WHAT IS EXPECTED => What you should give back is a precise copy of the lines below from the one containing "Baby Girl in" through the one containing "Ваксфлауэр – 2", with no pictures.

********

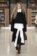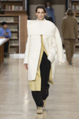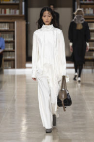 Nestled inside the historic reading rooms of the Richelieu site, the runway carved a path through soaring bookshelves stacked with centuries of wisdom—proof that both librarians and fashion designers share a deep love for layers. Like pages stacking in a vast archive, each moment leaves a trace. The collection explores the notion that moments don’t fade away; suggesting that nothing truly disappears; it folds into what comes next.
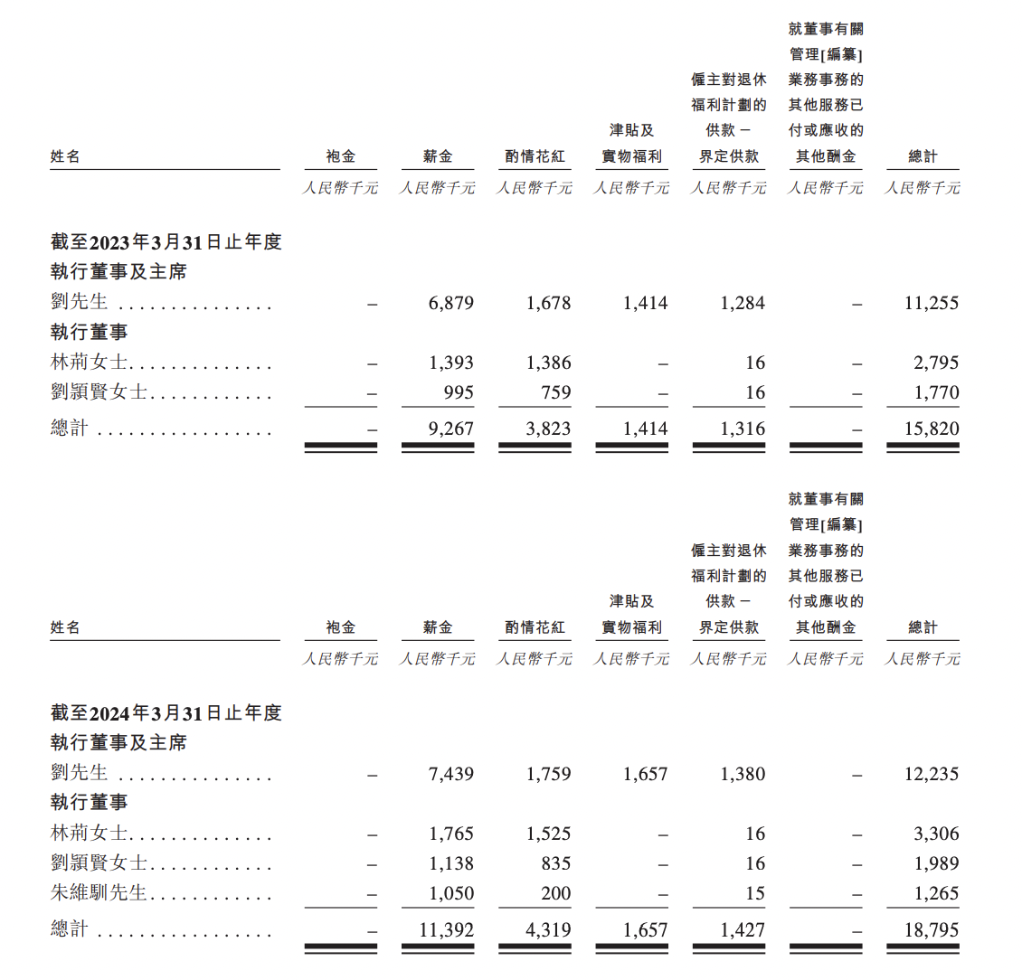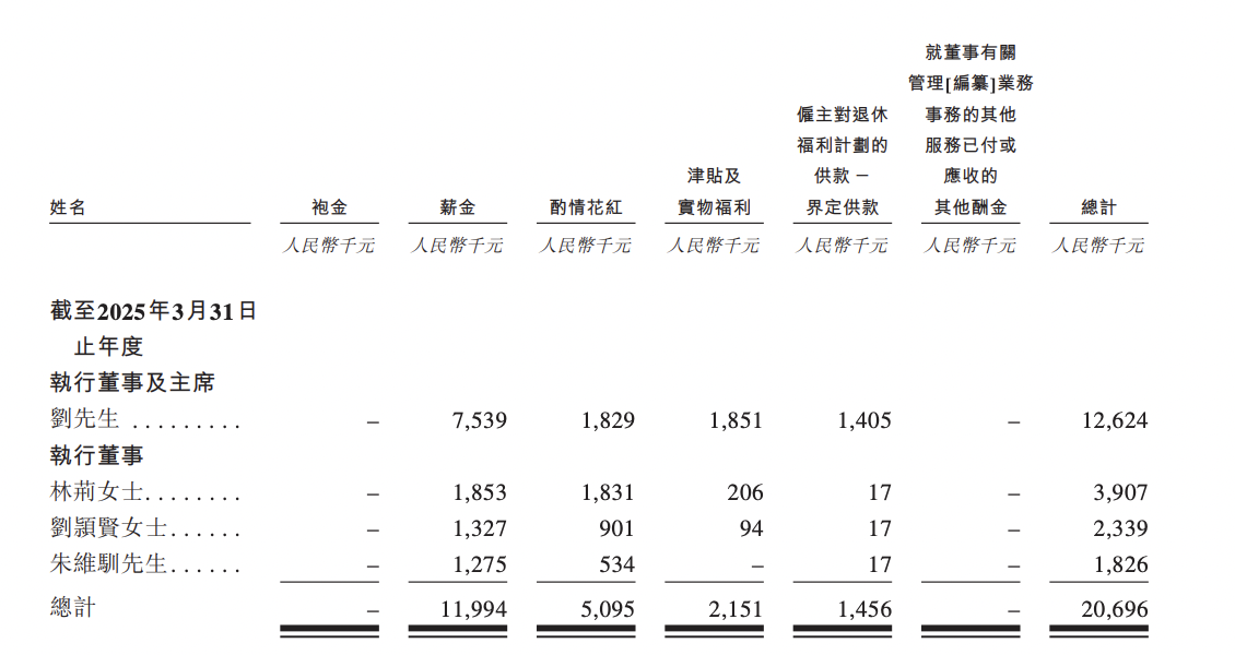 2022财年至2025财年,刘钜荣薪酬总计分别为1125.5万元、1223.5万元及1262.4万元,刘頴贤薪酬总计分别为177万元、198.9万元、233.9万元。
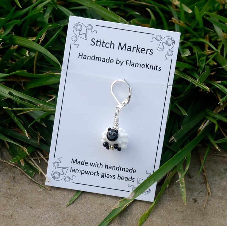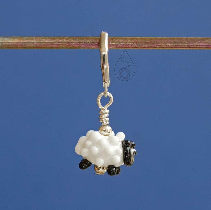 A tiny handmade glass sheep stitch marker. This one is white with black face and legs, much like the Suffolk breed of sheep which is always a favourite as I grew up and still live in Suffolk.
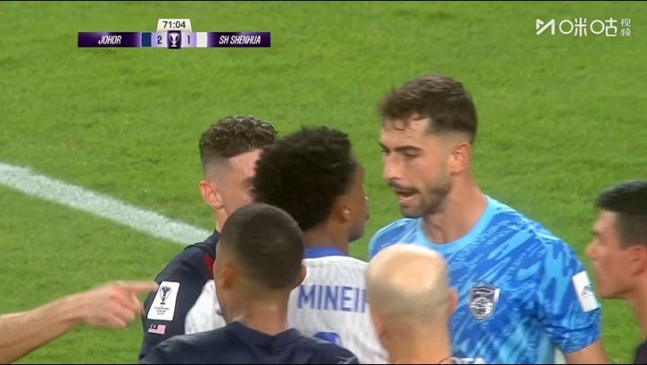 > 什么情况?米内罗十二码球破门,随后与柔佛守门员争执,两队发生冲突
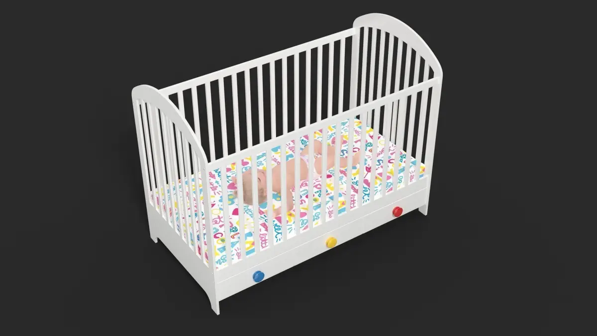 Baby Girl in Bed Sleeping Fur Rigged is a 3d model of an infant peacefully sleeping on a bed.
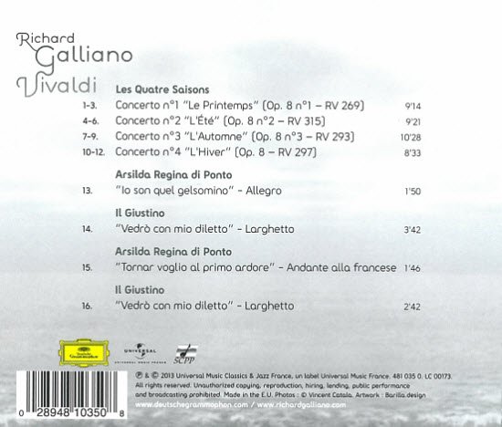 韦瓦第的《四季》小提琴协奏曲应该是巴洛克时期最具代表性的作品。韦瓦第以乐声绘成谱上所写的十四行诗画面,活泼令人振奋的节奏,令人聆赏时很容易随乐声行进产生一种对季节岁月的情景构图。再加上典雅工整的巴洛克风格,在在使它成为古典曲目数一数二的受欢迎作品。理查.盖利安诺在这里把它改编成手风琴加上弦乐五重奏的编制,清新的面貌让人耳目一新,也证明韦瓦第的音乐没有国界,更不受时空的约束。
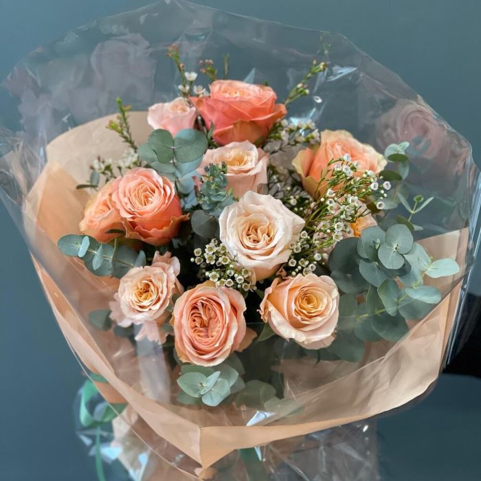 Ваксфлауэр – 2 шт.Лента – 1 шт.Эвкалипт – 2 шт.Роза одноголовая – 11 шт.Упаковка дизайнерская – 1 шт.
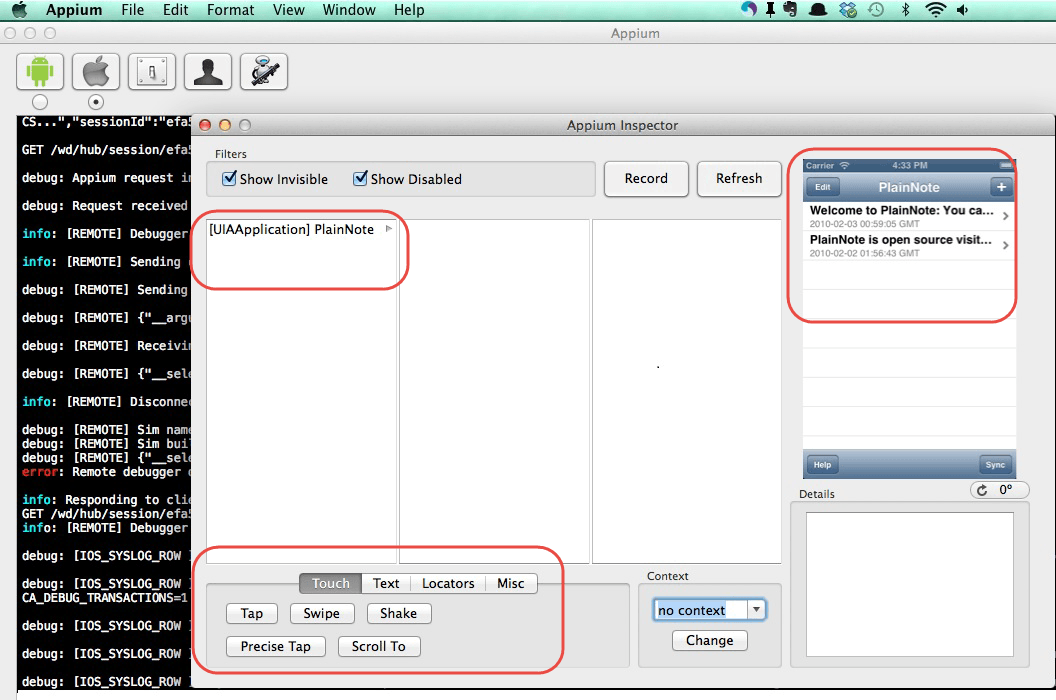 Tương tự như công cụ ghi và phát lại Selenium IDE, Appium có 'Inspector' để ghi và phát lại. Nó ghi lại và phát hành vi ứng dụng gốc bằng cách kiểm tra DOM và tạo các tập lệnh thử nghiệm bằng bất kỳ ngôn ngữ nào bạn muốn. Tuy nhiên, hiện tại, không có hỗ trợ cho Thanh tra Appium cho Microsoft Windows. Trong Windows, nó khởi chạy Appium Server nhưng không kiểm tra các phần tử. Tuy nhiên, trình xem UIAutomator có thể được sử dụng như một tùy chọn để Kiểm tra các phần tử.
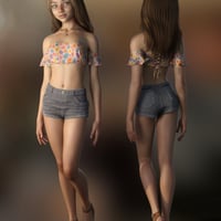 Her floral off-shoulder top brings a splash of cheerful color, like she just stepped out of a summer daydream.Paired with her comfy high-waisted shorts, she’s ready for anything - from spontaneous sidewalk dances to chill hangouts with friends.
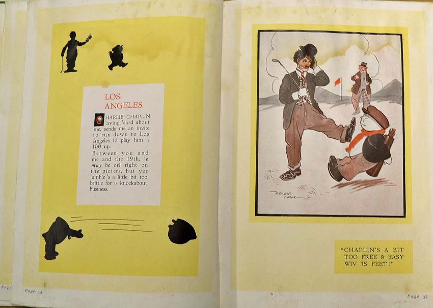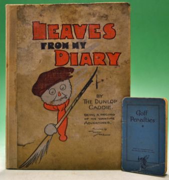 Dunlop Caddy - "Leaves from My Diary -Being a Record of his Wartime Adventures" 1st ed c1919^ published Birmingham England: Dunlop Rubber Co^ illustrated boards^ 40p illustrated by Ernest Noble (humour) - some damp damage to the covers and internally hence overall (A/F) and Dunlop Sport Company - "Golf Penalties and Etiquette" by Maxfli 1st edition c1920 published London: Dunlop Sports Company^ original pictorial cloth wrappers (16 pages)^ illustrated by Harry Rountree - general pocket wear^ some creases^ minor staple rust hence overall (F) (2)
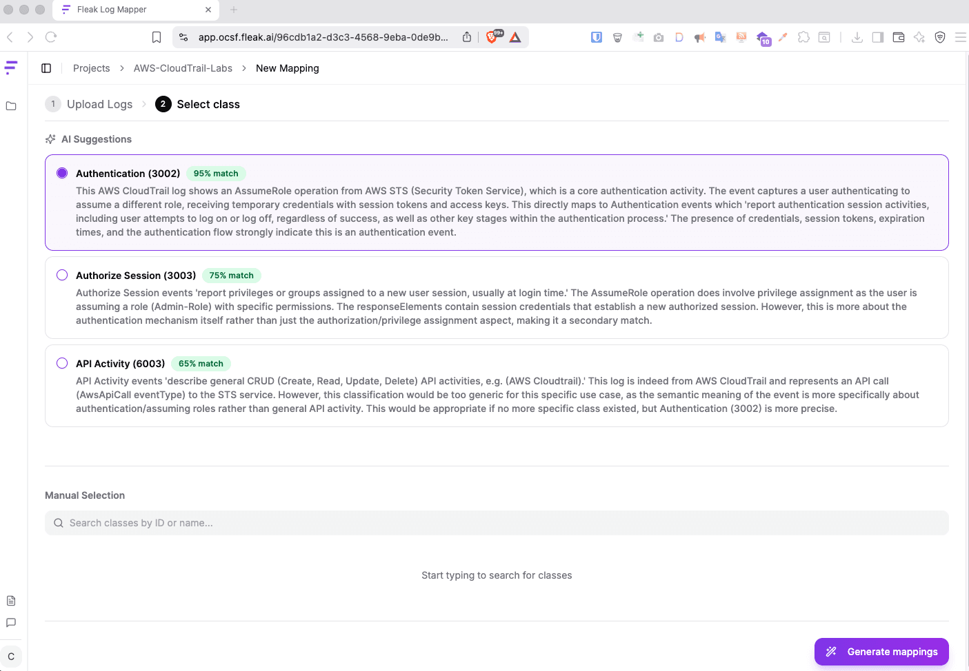 The pitch is clean: you bring your raw, vendor-specific logs, and the tool uses AI to generate OCSF-compliant mapping configurations. You do not need to be an OCSF expert. You do not need to manually look up category UIDs or stitch together transformation scripts.

********

TASK RESULT =>
 Baby Girl in Bed Sleeping Fur Rigged is a 3d model of an infant peacefully sleeping on a bed.
 韦瓦第的《四季》小提琴协奏曲应该是巴洛克时期最具代表性的作品。韦瓦第以乐声绘成谱上所写的十四行诗画面,活泼令人振奋的节奏,令人聆赏时很容易随乐声行进产生一种对季节岁月的情景构图。再加上典雅工整的巴洛克风格,在在使它成为古典曲目数一数二的受欢迎作品。理查.盖利安诺在这里把它改编成手风琴加上弦乐五重奏的编制,清新的面貌让人耳目一新,也证明韦瓦第的音乐没有国界,更不受时空的约束。
 Ваксфлауэр – 2 шт.Лента – 1 шт.Эвкалипт – 2 шт.Роза одноголовая – 11 шт.Упаковка дизайнерская – 1 шт.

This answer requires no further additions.